— Может, рысью? — спросил Федот с сомнением. — Охота быстро скачет.
— Нет, на рысь я пока не готова, — помотала головой. — Мне надо переспать с этой идеей.
— Гляди сама, — протянул он.
— Слушай, а ты можешь договориться с конюхом, чтобы он мне выделил самую спокойную лошадь? — с надеждой спросила я Федота. — Ну, он же не зверь! Не захочет, чтобы я насмерть разбилась…
— Денег бы…
— Прошка, принеси ему денег. Или камней, чем там платят у вас…
— У нас, — тихо сказал Федот. — Или у вас?
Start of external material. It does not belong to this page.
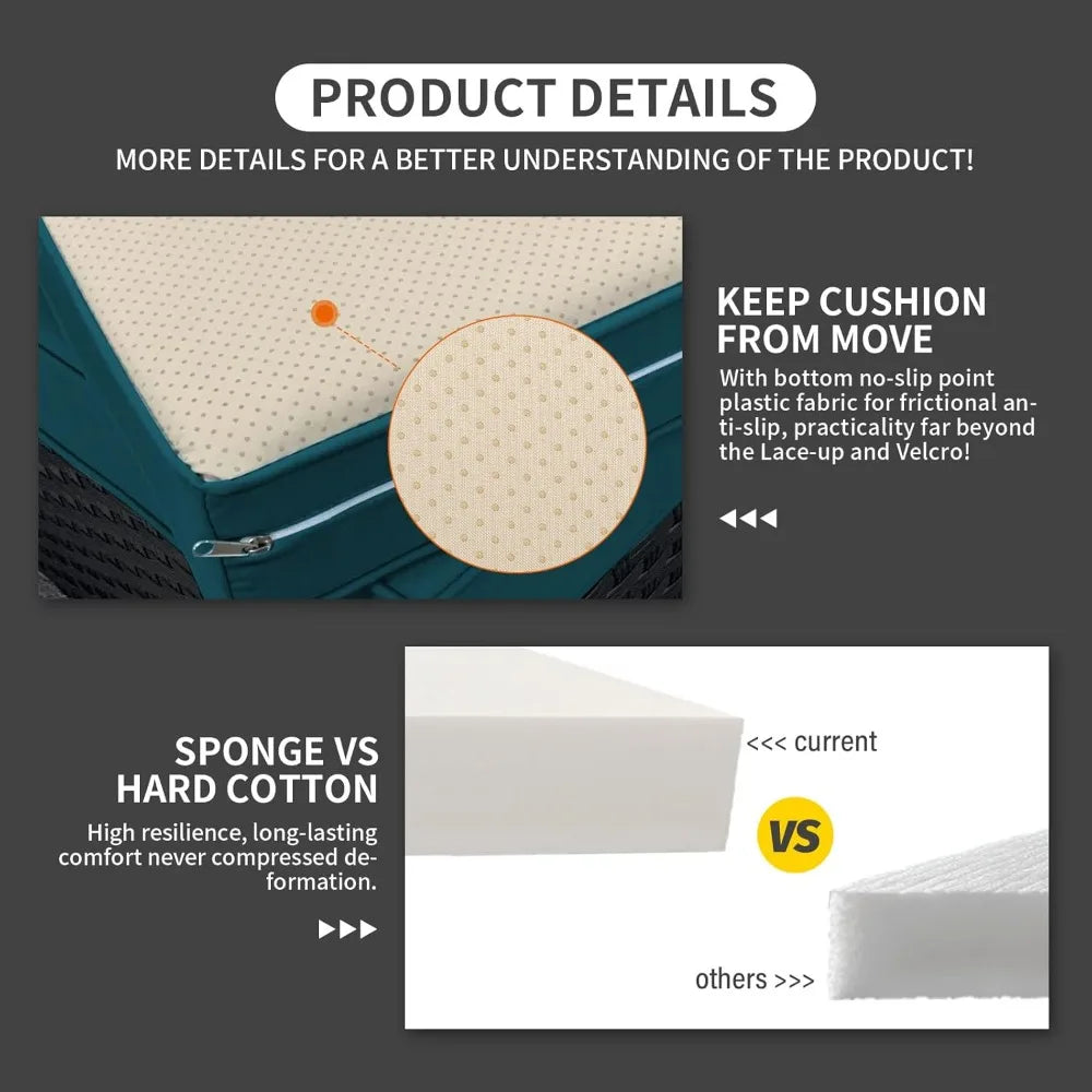 - Comfortable and Non-slip: seat cushions(4 inches) with high resilience sponge and bottom anti-slip dotted plastic fabric; anti-slip and practicality are wholly better than lacing, velcro or hook, match up plump back cushions with water-resistant, color retention fabric covers for lasting appeal with outdoor patio furniture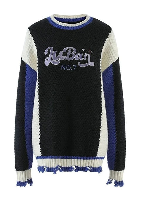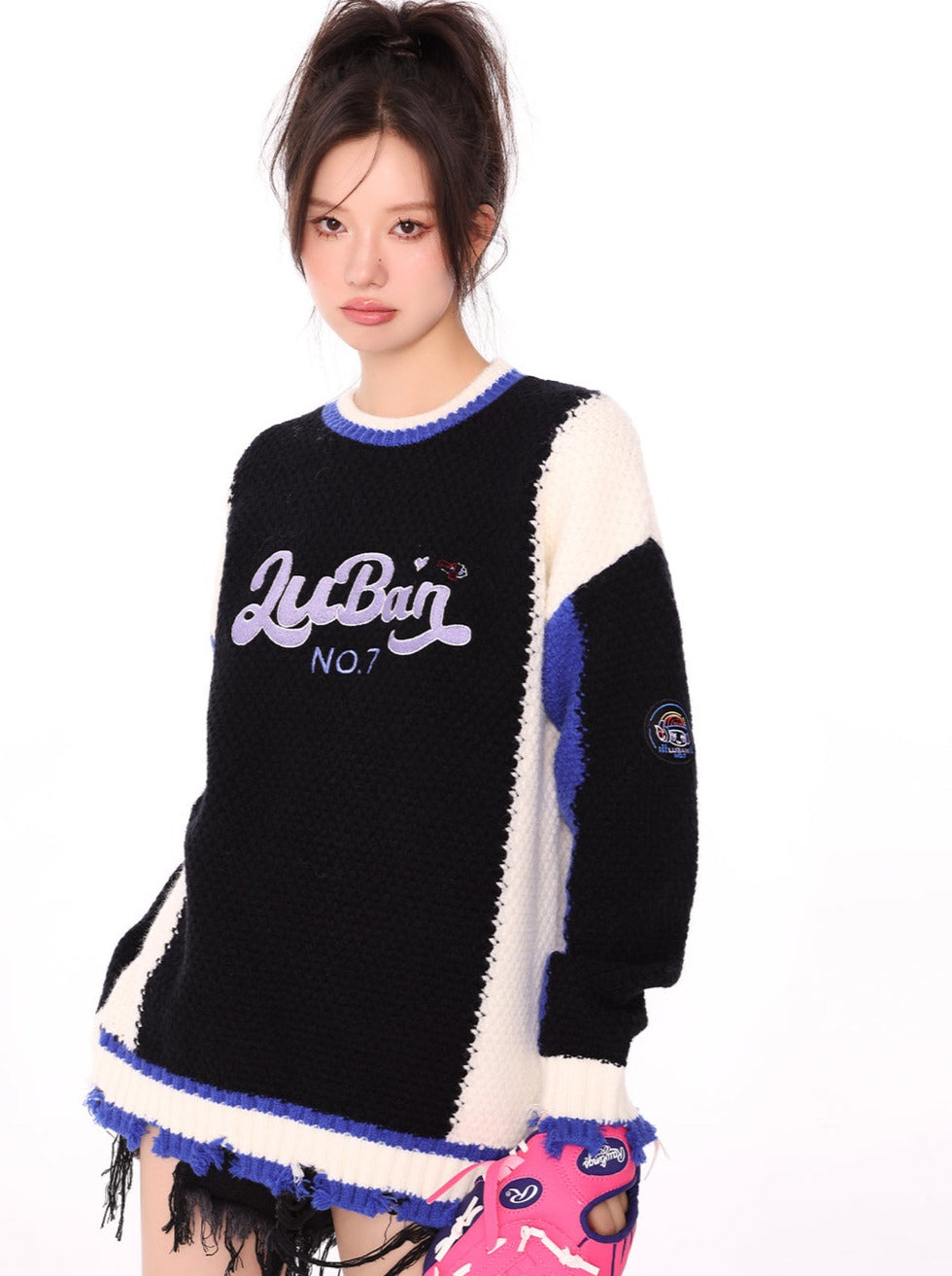Beschädigter Strick mit Logo in Kontrastfarbe

Секунду мы смотрели друг на друга с подозрением в глазах, а Прошка — с ужасом. Потом я махнула рукой:
— Ладно, чего уж там. Расскажи ему.
Глава 23
Я смотрела на охотничий обоз и не могла понять, как все вуки, птички и остальные ёжики ещё не разбежались подальше в дикие леса. Потому что он был длинным, плотно забитым людьми и довольно-таки шумным. Лисоборзые повизгивали, волнуясь на длинных поводках, в другой стороне тявкали хором гончие — приземистые и быстрые длинноухие собаки с чёрными лапами, рыжей короткой шерстью и белой манишкой; спереди перекликались мужчины — все сплошь бородатые и усатые, в тонких армяках, подвязанных поясами, в длинных кожаных сапогах, вооружённые нагайками и ножами, а сзади гарцевали на горячих, рвущихся в галоп и ржущих недоэволюционировавших лошадях дружинники. Весь этот шум сливался в нелепую какофонию, в которой только идеальное ухо музыканта могло различить некий зачаток приятной мелодии.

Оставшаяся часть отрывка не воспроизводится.